***** Material to process
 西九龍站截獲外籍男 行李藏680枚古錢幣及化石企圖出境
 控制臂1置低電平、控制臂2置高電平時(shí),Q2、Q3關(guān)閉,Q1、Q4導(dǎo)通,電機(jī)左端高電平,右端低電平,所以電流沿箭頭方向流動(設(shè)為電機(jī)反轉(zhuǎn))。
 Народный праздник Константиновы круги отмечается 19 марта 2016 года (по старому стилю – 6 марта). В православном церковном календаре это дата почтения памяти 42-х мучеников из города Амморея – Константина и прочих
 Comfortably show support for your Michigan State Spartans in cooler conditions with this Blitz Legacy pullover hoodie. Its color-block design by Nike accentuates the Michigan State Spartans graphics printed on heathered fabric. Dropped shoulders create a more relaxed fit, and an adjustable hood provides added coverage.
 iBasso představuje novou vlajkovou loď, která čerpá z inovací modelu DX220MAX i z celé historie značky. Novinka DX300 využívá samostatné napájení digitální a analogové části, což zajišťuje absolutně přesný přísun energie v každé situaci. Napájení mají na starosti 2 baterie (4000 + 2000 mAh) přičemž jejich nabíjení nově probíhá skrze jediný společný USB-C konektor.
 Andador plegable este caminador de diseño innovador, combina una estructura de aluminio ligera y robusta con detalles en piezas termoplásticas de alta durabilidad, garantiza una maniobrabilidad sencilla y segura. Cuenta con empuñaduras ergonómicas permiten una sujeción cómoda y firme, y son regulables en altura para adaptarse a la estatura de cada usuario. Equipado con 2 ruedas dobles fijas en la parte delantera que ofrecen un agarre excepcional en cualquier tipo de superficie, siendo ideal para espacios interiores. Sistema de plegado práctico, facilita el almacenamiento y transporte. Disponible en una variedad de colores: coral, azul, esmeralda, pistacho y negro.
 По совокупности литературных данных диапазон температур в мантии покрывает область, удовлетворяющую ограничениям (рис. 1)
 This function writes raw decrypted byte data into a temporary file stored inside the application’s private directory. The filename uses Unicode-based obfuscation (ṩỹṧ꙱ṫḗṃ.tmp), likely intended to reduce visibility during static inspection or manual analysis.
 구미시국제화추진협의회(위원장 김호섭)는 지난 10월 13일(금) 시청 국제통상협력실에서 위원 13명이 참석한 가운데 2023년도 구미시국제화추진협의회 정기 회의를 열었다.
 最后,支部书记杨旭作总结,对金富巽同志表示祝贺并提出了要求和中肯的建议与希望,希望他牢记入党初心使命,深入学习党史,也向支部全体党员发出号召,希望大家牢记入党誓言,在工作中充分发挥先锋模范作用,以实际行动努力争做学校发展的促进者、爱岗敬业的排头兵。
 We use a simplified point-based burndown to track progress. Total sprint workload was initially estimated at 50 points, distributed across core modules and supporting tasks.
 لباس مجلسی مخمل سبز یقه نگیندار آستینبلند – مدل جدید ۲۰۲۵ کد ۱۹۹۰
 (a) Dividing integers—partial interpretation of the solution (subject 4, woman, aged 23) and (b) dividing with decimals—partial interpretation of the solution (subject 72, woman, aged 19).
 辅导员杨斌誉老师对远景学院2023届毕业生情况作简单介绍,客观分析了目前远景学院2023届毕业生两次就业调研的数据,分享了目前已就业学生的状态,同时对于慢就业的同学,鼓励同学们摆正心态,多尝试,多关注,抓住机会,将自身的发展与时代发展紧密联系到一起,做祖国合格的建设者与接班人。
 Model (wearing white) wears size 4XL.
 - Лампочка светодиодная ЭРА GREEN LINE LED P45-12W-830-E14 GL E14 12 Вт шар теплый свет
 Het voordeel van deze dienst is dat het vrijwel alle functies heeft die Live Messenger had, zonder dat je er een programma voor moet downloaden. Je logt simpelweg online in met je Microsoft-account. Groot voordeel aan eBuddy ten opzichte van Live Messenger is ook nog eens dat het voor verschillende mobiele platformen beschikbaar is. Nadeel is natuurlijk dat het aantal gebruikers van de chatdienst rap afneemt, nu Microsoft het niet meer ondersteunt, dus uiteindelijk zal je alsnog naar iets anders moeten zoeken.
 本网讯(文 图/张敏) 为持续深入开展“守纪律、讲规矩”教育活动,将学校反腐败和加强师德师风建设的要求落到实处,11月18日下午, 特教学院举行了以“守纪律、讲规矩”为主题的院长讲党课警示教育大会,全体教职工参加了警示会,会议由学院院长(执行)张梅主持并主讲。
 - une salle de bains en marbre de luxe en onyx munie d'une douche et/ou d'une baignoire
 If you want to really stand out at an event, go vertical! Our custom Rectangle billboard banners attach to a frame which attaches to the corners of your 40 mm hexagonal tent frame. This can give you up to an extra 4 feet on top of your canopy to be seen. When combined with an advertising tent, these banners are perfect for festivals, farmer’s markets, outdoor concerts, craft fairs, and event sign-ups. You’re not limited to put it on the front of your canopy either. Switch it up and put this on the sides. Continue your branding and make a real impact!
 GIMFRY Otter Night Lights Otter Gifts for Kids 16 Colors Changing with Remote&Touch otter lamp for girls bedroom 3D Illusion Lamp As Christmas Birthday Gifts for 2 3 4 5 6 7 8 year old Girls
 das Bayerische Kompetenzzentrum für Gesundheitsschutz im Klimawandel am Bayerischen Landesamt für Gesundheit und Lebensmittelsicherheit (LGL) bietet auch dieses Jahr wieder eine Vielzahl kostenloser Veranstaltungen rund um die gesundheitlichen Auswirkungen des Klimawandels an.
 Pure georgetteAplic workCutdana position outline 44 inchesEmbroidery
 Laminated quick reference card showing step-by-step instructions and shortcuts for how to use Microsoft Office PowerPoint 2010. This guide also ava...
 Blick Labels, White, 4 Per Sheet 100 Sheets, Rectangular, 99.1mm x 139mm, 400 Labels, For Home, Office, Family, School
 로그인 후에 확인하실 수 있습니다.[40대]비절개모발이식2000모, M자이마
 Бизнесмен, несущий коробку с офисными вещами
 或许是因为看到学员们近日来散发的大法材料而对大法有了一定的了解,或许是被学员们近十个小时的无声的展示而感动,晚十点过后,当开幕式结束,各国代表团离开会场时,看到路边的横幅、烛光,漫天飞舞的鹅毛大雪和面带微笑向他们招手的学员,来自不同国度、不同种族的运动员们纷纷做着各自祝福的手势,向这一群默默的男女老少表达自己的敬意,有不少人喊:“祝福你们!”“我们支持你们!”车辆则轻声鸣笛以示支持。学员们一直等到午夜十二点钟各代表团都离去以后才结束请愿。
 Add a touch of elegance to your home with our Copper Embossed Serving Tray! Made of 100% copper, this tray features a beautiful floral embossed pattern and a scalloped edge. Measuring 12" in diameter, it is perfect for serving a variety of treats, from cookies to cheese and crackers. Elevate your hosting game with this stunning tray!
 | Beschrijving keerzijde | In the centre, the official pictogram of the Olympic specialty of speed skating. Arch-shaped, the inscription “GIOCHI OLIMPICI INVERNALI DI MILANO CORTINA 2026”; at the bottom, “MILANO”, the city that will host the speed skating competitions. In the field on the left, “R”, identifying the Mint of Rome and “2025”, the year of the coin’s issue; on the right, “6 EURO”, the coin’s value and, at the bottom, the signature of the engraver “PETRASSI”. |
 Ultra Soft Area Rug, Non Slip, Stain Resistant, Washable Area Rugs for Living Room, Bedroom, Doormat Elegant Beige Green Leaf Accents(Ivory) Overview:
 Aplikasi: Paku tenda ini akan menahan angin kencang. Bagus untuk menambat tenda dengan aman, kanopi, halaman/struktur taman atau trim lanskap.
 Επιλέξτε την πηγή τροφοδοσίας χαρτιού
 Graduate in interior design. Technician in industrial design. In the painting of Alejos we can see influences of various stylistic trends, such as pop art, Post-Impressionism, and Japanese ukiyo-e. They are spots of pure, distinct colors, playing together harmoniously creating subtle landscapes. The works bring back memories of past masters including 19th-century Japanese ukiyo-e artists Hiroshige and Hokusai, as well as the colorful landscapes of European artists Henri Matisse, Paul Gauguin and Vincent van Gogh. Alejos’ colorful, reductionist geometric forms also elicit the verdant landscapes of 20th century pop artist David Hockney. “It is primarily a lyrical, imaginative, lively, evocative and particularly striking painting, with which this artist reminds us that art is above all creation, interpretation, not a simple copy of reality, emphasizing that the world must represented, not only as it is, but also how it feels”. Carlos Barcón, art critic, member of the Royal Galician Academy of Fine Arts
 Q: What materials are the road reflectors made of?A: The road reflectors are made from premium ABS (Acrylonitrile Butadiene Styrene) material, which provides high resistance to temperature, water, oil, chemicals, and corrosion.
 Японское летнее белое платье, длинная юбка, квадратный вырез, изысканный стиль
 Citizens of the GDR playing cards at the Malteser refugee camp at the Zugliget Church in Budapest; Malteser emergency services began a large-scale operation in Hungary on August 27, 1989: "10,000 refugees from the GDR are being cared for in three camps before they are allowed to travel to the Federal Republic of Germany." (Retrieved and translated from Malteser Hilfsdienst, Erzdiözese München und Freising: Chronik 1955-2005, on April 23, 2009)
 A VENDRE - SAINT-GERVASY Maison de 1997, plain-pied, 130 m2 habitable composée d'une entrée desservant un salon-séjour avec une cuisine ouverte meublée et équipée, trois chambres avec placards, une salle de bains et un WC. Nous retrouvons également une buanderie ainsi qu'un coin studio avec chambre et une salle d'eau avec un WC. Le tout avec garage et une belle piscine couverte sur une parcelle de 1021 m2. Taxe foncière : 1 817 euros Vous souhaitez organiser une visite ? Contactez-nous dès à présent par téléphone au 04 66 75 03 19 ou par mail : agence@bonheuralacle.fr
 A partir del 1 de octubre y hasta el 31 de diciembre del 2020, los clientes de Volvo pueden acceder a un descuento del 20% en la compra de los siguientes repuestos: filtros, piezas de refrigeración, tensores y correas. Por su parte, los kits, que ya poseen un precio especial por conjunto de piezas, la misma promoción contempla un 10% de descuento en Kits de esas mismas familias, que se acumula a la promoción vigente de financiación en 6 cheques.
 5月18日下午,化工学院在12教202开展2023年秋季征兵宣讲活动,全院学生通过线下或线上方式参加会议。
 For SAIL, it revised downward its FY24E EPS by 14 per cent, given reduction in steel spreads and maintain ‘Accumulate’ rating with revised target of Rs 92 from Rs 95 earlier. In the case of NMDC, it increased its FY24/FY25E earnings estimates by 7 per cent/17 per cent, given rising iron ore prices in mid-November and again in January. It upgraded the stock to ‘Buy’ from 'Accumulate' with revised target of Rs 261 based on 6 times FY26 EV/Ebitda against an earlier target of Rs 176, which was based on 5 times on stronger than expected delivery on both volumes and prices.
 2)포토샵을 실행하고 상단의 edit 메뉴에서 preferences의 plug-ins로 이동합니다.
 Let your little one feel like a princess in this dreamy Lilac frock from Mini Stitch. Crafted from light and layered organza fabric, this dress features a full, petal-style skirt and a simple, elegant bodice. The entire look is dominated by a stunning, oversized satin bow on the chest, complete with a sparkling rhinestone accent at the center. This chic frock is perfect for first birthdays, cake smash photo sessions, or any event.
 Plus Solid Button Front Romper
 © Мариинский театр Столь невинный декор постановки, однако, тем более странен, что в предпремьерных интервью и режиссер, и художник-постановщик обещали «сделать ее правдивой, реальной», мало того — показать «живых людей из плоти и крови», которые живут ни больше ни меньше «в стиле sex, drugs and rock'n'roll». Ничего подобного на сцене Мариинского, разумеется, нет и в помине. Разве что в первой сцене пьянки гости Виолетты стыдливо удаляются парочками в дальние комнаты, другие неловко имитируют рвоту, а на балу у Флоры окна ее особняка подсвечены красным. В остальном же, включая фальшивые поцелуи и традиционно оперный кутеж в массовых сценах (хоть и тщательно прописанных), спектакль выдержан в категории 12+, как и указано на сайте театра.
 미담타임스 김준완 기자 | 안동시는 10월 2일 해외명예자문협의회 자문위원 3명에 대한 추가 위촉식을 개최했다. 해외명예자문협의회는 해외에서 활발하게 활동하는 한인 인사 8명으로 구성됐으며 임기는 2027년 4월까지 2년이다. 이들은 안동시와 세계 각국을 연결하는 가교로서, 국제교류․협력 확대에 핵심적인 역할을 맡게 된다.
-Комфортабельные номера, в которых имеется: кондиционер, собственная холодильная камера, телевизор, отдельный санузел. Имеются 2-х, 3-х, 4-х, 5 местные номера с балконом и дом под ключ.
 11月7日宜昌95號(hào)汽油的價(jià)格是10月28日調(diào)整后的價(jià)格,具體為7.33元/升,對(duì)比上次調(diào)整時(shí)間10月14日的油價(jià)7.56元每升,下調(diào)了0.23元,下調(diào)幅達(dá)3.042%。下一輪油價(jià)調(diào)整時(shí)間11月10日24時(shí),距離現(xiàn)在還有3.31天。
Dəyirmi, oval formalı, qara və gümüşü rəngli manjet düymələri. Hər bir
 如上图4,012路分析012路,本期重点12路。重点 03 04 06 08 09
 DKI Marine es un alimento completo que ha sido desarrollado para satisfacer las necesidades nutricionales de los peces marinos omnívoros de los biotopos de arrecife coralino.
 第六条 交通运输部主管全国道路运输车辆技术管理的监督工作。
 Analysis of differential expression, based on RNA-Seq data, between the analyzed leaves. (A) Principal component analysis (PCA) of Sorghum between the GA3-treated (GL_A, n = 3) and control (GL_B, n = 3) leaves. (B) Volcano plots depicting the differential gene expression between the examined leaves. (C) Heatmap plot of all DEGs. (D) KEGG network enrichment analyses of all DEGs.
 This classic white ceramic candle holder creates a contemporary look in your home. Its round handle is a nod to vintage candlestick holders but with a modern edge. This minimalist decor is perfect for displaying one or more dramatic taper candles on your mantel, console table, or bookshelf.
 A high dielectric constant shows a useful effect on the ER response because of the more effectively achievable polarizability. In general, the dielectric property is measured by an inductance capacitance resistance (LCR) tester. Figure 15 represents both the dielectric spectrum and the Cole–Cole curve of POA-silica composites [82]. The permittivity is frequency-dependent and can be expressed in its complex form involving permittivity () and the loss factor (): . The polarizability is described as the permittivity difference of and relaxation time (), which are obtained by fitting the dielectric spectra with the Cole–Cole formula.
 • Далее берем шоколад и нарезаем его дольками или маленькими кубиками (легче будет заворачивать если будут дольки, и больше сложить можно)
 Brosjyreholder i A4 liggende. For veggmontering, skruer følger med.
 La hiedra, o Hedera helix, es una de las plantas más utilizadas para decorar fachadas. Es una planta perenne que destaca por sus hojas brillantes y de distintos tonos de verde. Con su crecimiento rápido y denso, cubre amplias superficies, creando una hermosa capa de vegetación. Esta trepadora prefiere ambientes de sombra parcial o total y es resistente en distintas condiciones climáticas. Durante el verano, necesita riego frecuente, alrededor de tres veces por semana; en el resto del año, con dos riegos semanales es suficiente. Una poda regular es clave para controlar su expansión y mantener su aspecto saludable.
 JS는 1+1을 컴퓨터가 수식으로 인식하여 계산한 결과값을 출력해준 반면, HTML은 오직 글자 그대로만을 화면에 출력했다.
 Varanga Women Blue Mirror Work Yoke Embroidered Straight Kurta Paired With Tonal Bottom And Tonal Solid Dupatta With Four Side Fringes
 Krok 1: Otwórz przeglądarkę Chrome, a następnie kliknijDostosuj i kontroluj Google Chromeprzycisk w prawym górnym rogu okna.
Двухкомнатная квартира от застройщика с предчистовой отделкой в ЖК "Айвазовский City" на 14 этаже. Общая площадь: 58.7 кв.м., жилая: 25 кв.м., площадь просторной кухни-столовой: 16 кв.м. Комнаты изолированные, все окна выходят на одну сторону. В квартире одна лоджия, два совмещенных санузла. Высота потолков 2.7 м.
**********
- [Assignment]:
Return only the stretch of the material above from the line holding "لباس مجلسی مخمل" through the line holding "(a) Dividing integers—partial", copied exactly.

- [Written solution]:
 لباس مجلسی مخمل سبز یقه نگیندار آستینبلند – مدل جدید ۲۰۲۵ کد ۱۹۹۰
 (a) Dividing integers—partial interpretation of the solution (subject 4, woman, aged 23) and (b) dividing with decimals—partial interpretation of the solution (subject 72, woman, aged 19).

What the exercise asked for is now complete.